Bias of Tissue Oxygen Saturation
Tissue oxygenation cannot be compared directly with any other measurement because it represents the findings in a mixture of blood in the arteries, capillaries, and veins. Interestingly, though, StO 2 has been validated on the head of young infants with heart disease during cardiac catheterization. In this study, across an StO 2 range of 40% to 80%, the mean value was almost identical to oxygen saturation in jugular venous blood as measured by co-oximetry. This suggests a significant negative bias as, in addition to venous blood, the StO 2 also represents arterial and capillary blood. This bias is likely to differ between different types of instruments.
Precision of the Tissue Oxygen Saturation
Replacing the sensor of SRS instruments multiple times in newborns and young infants, the limits of agreement after optode replacement were found to be at least −15% to +16%. For comparison, arterial hemoglobin oxygen saturation can be measured by pulse oximetry with limits of agreement of ±6% (two times absolute root mean [squared]).
Importance of the Low Precision of the Tissue Oxygen Saturation
Cerebrovenous saturation is tightly regulated, with the normal values between 60% and 70%. During hypoxemia, or cerebral ischemia, when CBF decreases without a change in cerebral oxygen consumption, cerebrovenous saturation falls. However, a 30% decrease in the CBF will lead to only a drop from 70% to 60% in the cerebrovenous oxygen saturation—and hence less in tissue oxygenation—which is well within the limits of the error of measurement.

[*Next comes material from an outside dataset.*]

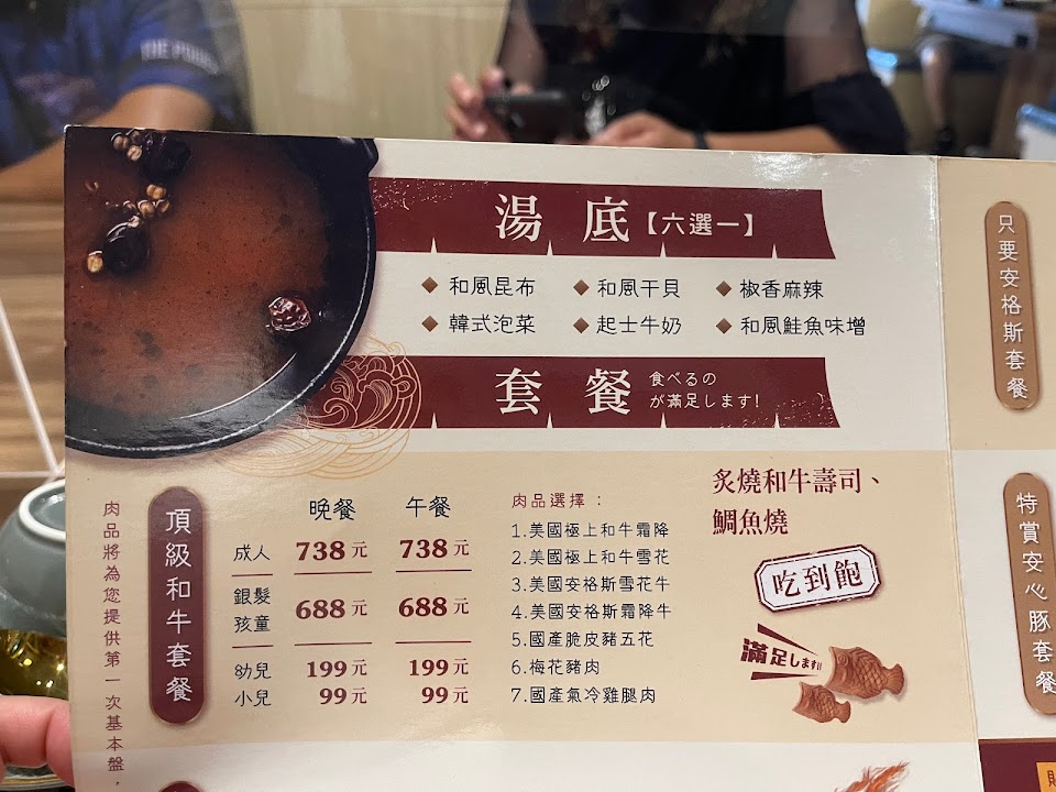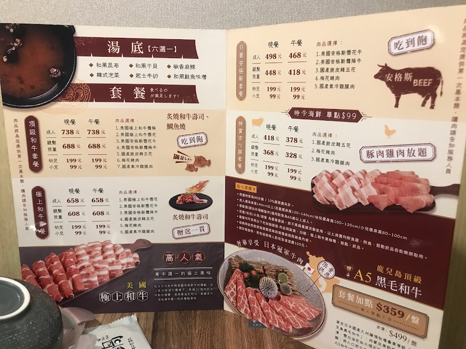 吃了最頂級的價位,肉品等級說明與實際不符合,安格斯?!伊比利?!也未在菜單上明確標示其組合肉,肉片薄的都快爛成泥了,只有黑毛豬比較可以,霜淇淋機跟咖啡機整場都是待料狀態,無法提供,真無言。

Covariance of Cerebral Oxygenation and Arterial Blood Pressure as an Indication of Cerebral Autoregulation
During long-term cerebral monitoring of cerebral oxygenation as a surrogate for blood flow, the covariance with arterial blood pressure may be used as a measure of cerebral autoregulation. First, only changes lasting 10 seconds or more will reflect the “static” autoregulation (i.e., the full capacity of the cerebral vasculature to buffer changes in perfusion pressure) (see Chapter 2 ). Simple time-domain analysis may be better than more sophisticated frequency domain analysis, although solving the problem of directionality of the covariance may help. However, hours of data are typically required to obtain a reliable estimate, and it is difficult to avoid the bias that high variability in the blood pressure will give a better signal-to-noise ratio.